Kevin Hussain is thrilled when “Wolf Hunter” wants to meet up after reading The World Tree. When Wolf Hunter turns out to be Hunter Easton himself, Kevin is starstruck. When Hunter tells him he wants to add The World Tree to Wolf’s Landing, Kevin is sure he’s being pranked. And when their online chemistry carries over—big time—into real life, Kevin is convinced it’s all too good to be true.
The problem is . . . it might be. The book deal, the sex, the money—everything is amazing. But fame isn’t all it’s cracked up to be, and Kevin is left wondering if Hunter really loves him, or just loves his book.

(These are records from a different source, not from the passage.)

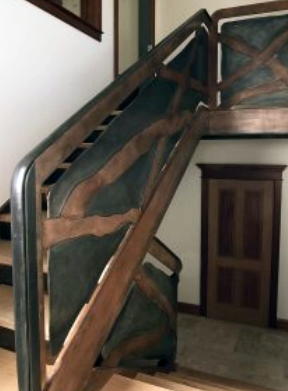 ![]() The staircase was created for Reed Brothers Limited Partnership an oil and gas exploration company in Charleston, West Virginia. It is part of their renovated office space on Virginia Street. The staircase was completed in the fall of 2003. Fetty's work can be found all over the world. Visit Jeff's leaning Oak Forge www.jefffettyironwork.com
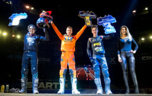 Former triple AX winner Thomas Ramette was back on top in the second Pro 450 Main Event with Aussie SX Legend Dan Reardon looking strong in second aboard his Fro Systems Yamaha.
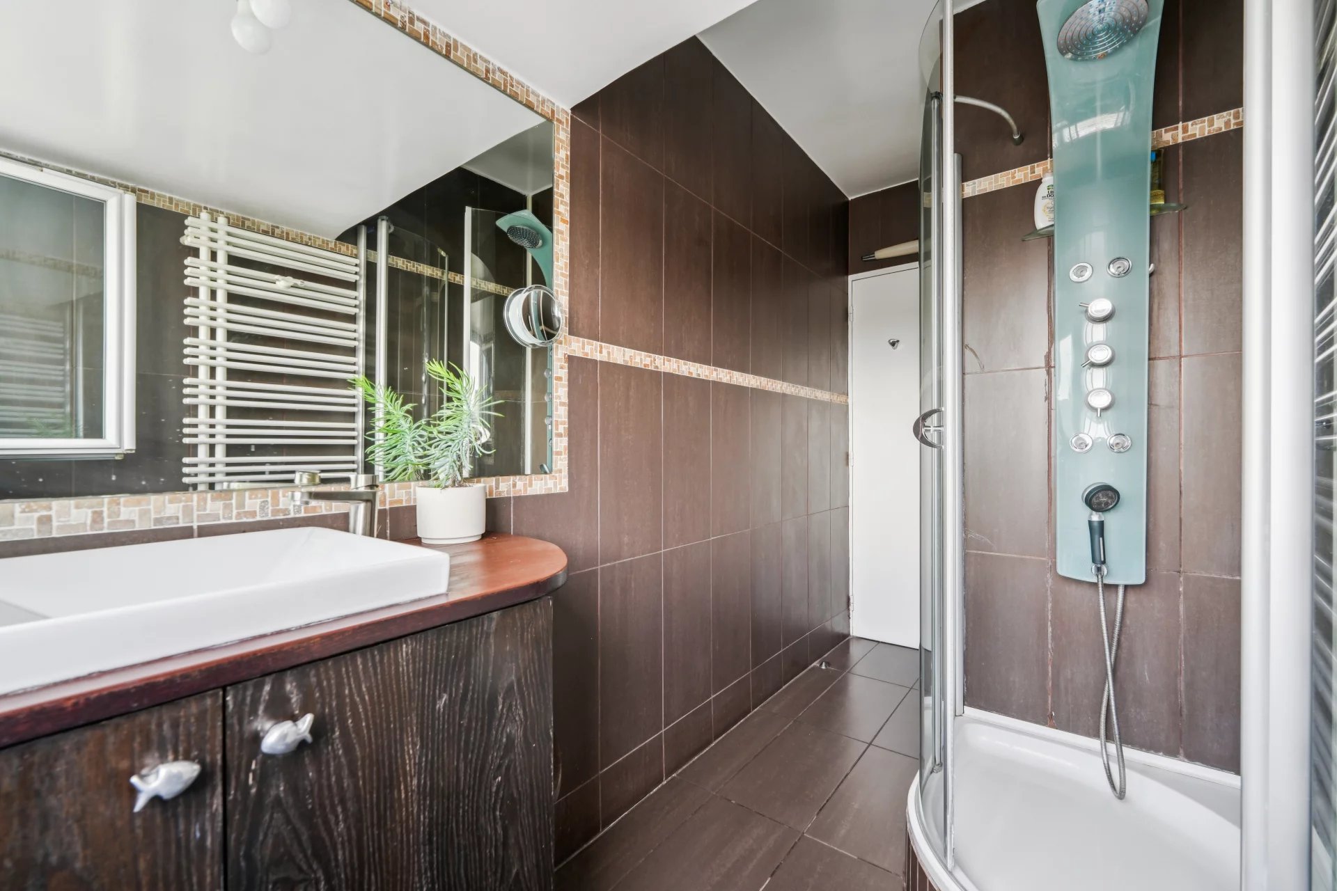 Situé au 8ème étage d’un immeuble bien tenu, construit en 1960, cet appartement bordé d’un balcon et d'une terrasse de 41m2 offre une vue spectaculaire sur La Défense, le Mont Valérien, la Tour Eiffel, les toits, le ciel et l’horizon.
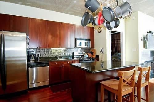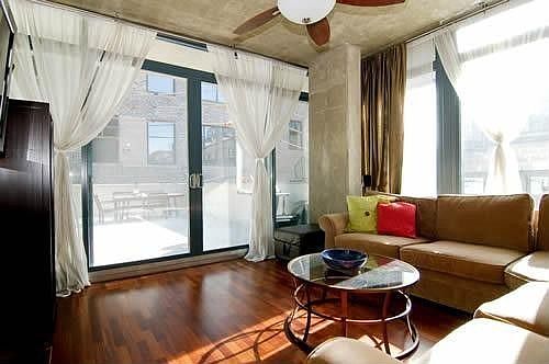 Awesome split floor plan, 2BR/2BTH corner unit @ Lofthaus. 2 Full BRMS, No half walls! Hardwood floors, granite/SS kit, soaring concrete ceilings. Marble master bath w/dual vanity, separate shower and whirlpool. Huge prof. organized master walk-in, plus additional storage. 2 blocks to brand new park/dog park. Over 650 sq. ft. Private Terrace, an entertainers dream! Asmts include heat, air, water and gas. pkg 25k addt
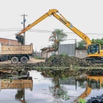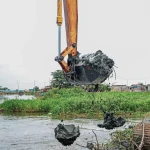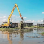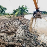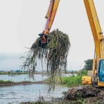 Ante ello, retroexcavadoras, tractores y volquetes de la Prefectura Ciudadana del Guayas y del Municipio de El Triunfo ejecutaron labores de reencauzamiento del río en un tramo de 1.000 metros.
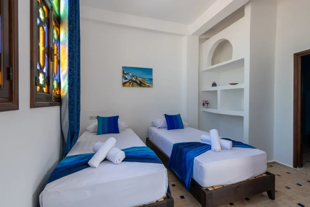 Every morning, guests enjoy a traditional Moroccan breakfast served on the terrace, featuring fresh bread, local specialties, and hot drinks. Breakfast options are continental and halal, adapted to diverse dietary needs.
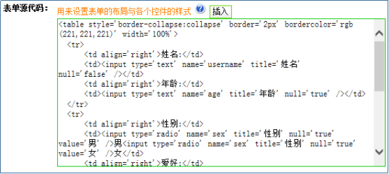 :填写需要添加的表单HTML页面,<body></body>标签里的代码,
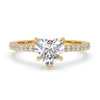 The diamond is seen brilliantly thanks to the secure claw prong setting. the magnificent cathedral setting ring raises the diamond and accentuates its shine. This ring blends elegance and sustainability whether your choice is a natural stone or a Lab Grown Diamond.
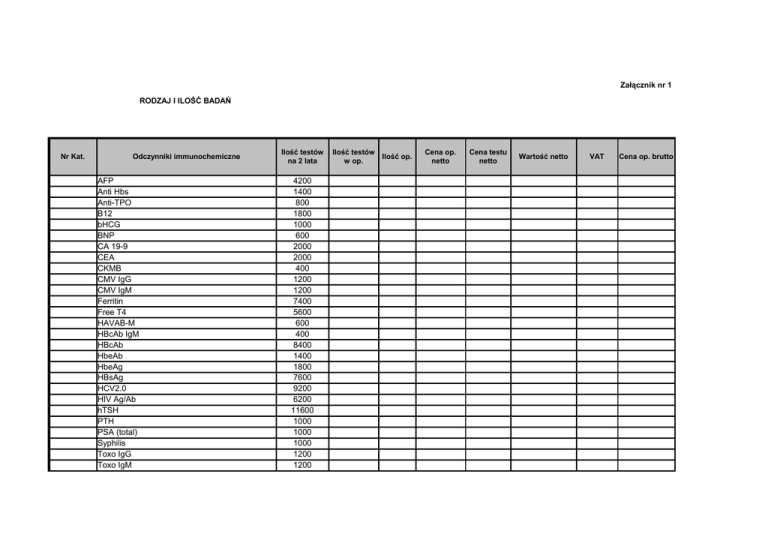 Załącznik nr 1 RODZAJ I ILOŚĆ BADAŃ Nr Kat. Odczynniki immunochemiczne AFP Anti Hbs Anti-TPO B12 bHCG BNP CA 19-9 CEA CKMB CMV IgG CMV IgM Ferritin Free T4 HAVAB-M HBcAb IgM HBcAb HbeAb HbeAg HBsAg HCV2.0 HIV Ag/Ab hTSH PTH PSA (total) Syphilis Toxo IgG Toxo IgM Ilość testów na 2 lata 4200 1400 800 1800 1000 600 2000 2000 400 1200 1200 7400 5600 600 400 8400 1400 1800 7600 9200 6200 11600 1000 1000 1000 1200 1200 Ilość testów Ilość op. w op. Cena op. netto Cena testu netto Wartość netto VAT Cena op. brutto Troponin-l Urine NGAL Valproic Acid 8800 200 200 91400 Razem: Materiały zużywaIne Razem: Kalibratory i kontrole Razem: Ogółem: Nr Kat. Odczynniki biochemiczne Albumina Amoniak Alkohol (Ethanol) ALT AST ASO Amylaza CRP Białko całkowite Białko/mocz Bilirubina całkowita Bilirubina bezpośrednia Chlorki Cholesterol całkowity Cholesterol HDL Czynnik reumatoidalny (RF) Fosfataza alkaliczna Fosfor nieorganiczny Gammaglutamylotrasnpeptydaza Glukoza Hemoglobina glikowana (HbA1C) Immunoglobuliny A Immunoglobuliny G Ilość testów 13000 1900 3400 45000 61000 600 12000 65000 16400 800 24000 600 90000 12000 7200 800 18000 11200 30000 69000 800 2900 3400 Ilość testów Ilość op. w op. Cena op. netto Cena testu netto Wartość netto VAT Cena op. brutto Immunoglobuliny IgE Immunoglobuliny M Kinaza kreatynowa (CK) Kreatynina Kwas moczowy Magnez Mocznik Potas Sód Karbamazepina Triglicerydy Wapń całkowity Żelazo Kwas walproinowy Kreatynina enzymatyczna Razem: 1500 2200 800 90000 4400 9000 84000 106000 104000 400 12000 12000 7300 400 4200 927200 Materiały zużywaIne Razem: Kalibratory i kontrole Razem: Ogółem: Nr Kat. Dzierżawa aparatów Ilość analizatorów Ilość miesięcy Razem: SUMA Ogółem: Cena/mieś. netto Wartość netto VAT Wartość brutto 1 Wartość brutto Wartość brutto Wartość brutto

(Bluewater Bay stories can be read in any order—jump in wherever you'd like!)
Hunter Easton decided there was definitely something to be said about casually dating a man who loved showers, not to mention shower sex. The stall in Ryan’s bathroom was large enough to clean a truck in and the water pressure was oh-just-so-right. While Ryan dozed in the other room, Hunter positioned himself in the sweet spot that all those nozzles targeted and moved a bit to get his sorest areas massaged. Those between his shoulders. Not the other ones.
Over the sound of the water, he couldn’t hear a thing. Not Ryan’s soft snores, and certainly not Hunter’s phone. That little tyrant was still in the bedroom, and on purpose. His voice mail was rapidly filling up with messages from all the people who really wanted book eight because it meant another large deposit in their various bank accounts.
Ryan’s shower was damn near orgasmic, which was nice when his body had run out of the other kinds of orgasms. Hunter stretched under the water, then leaned forward against the lapis lazuli tiles to enjoy the massage jet hitting his spine. Nothing else existed. Only hot water, steam, his body, and a mind that was very slowly waking up. Yesterday he’d been stressed out, but Ryan had fixed that with a couple of hours in the gym, a steak at a friendly grill, and then lots of sex. Also, Ryan didn’t read fiction. He wasn’t dumb, just a bit of a meathead. If he cracked a cover at all, it was a fitness manual or a nutrition book. No time for paranormal thrillers.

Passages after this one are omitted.